Hi, All
I’ve 4 GTX 690 on TYAN mobo with 2 6272 Opterons under linux Debian 3.2.0 kernel. I use cuda-5.0. In bandwidth test I see the following:
[CUDA Bandwidth Test] - Starting…
Running on…
Device 0: GeForce GTX 690
Quick Mode
Host to Device Bandwidth, 1 Device(s)
PINNED Memory Transfers
Transfer Size (Bytes) Bandwidth(MB/s)
33554432 5608.6
Device to Host Bandwidth, 1 Device(s)
PINNED Memory Transfers
Transfer Size (Bytes) Bandwidth(MB/s)
33554432 6523.4
Device to Device Bandwidth, 1 Device(s)
PINNED Memory Transfers
Transfer Size (Bytes) Bandwidth(MB/s)
33554432 149631.2
I suppose ~150 GB/s is too low for single die.

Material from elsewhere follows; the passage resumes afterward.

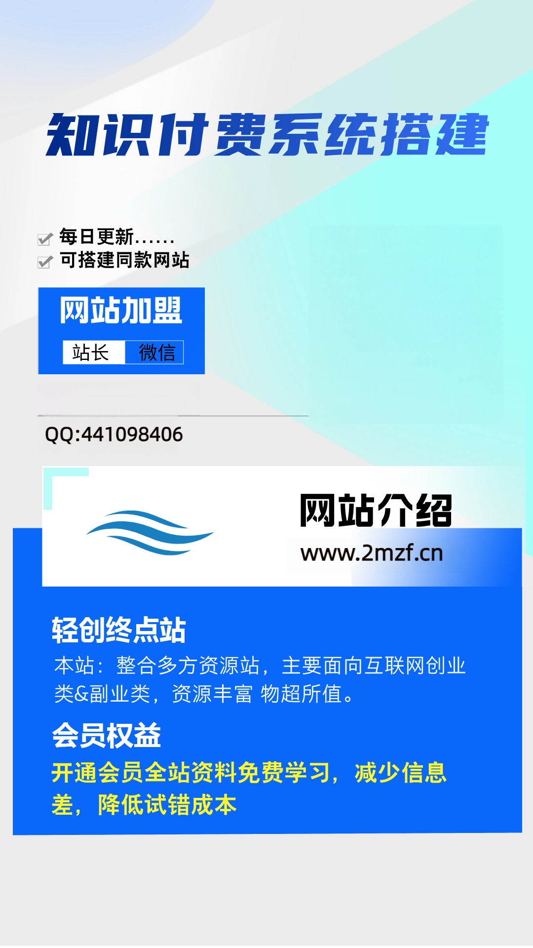 加盟轻创终点站,加盟搭建同款知识付费资源网站,实现长期稳定被动收入~
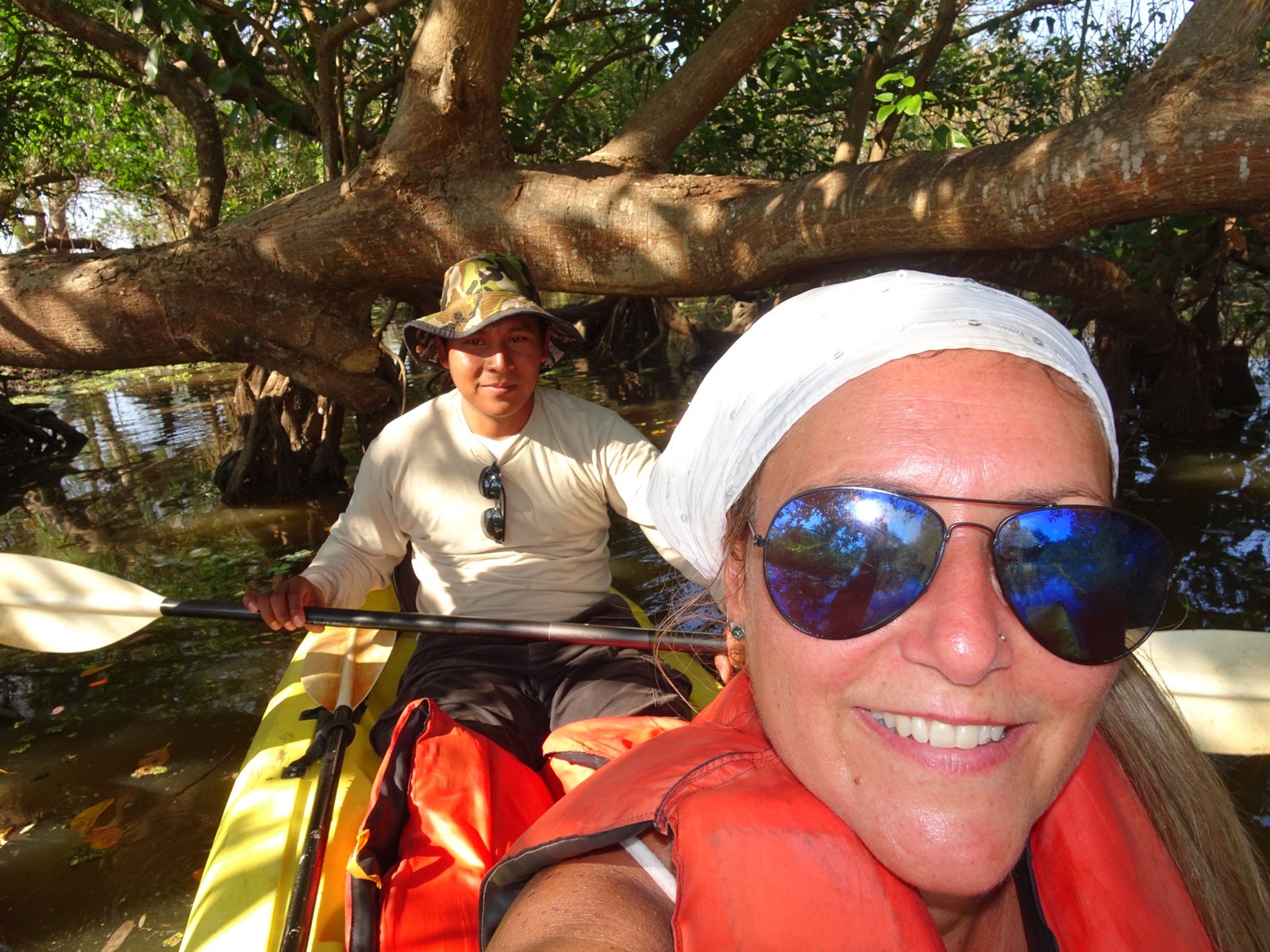 Hier c’était kayak : tour de 3h sur le lac et rivière Rio Istian à la découverte des caïmans, tortues et différents oiseaux

I’ve expected 384/2 GB/s according to documentation.
What do u guys think about it? I did not tuned the system at all. Simply installed all the stuff.
Thnx Jimmy! I’m looking through the code you suggested but I can’t compile it as is. There is the error with time measuring function.
[b]reduction_main.cu(73): error: declaration is incompatible with previous “get_clock” (70): here
reduction_main.cu(74): error: expected a “;”[/b]
I cnt’t understand what is els_per_x_group there in you code. I’m trying to find out the value of iters (line 175)
I noticed you use 64 threads, why not 32? When you use registers for reduction I see you use only 32 threads. I also noticed you use 256 floats of smem is it occupancy limited?
You had something line 10-s or ~100 usec… I think there is still some problem in the function gettime. Also my compiler rejects void pause and fgetchar. I used to patch it as follows
int pause()
{
btw how are you pasting the code in that white box?
and one more question… does 64 really improve occupancy and why. I can run 16 blocks of 32 threads at the same SM right? Is not it enough?
I’ve also experimented with this and found that performance improvement for 64 ths vs 32 ths is very small.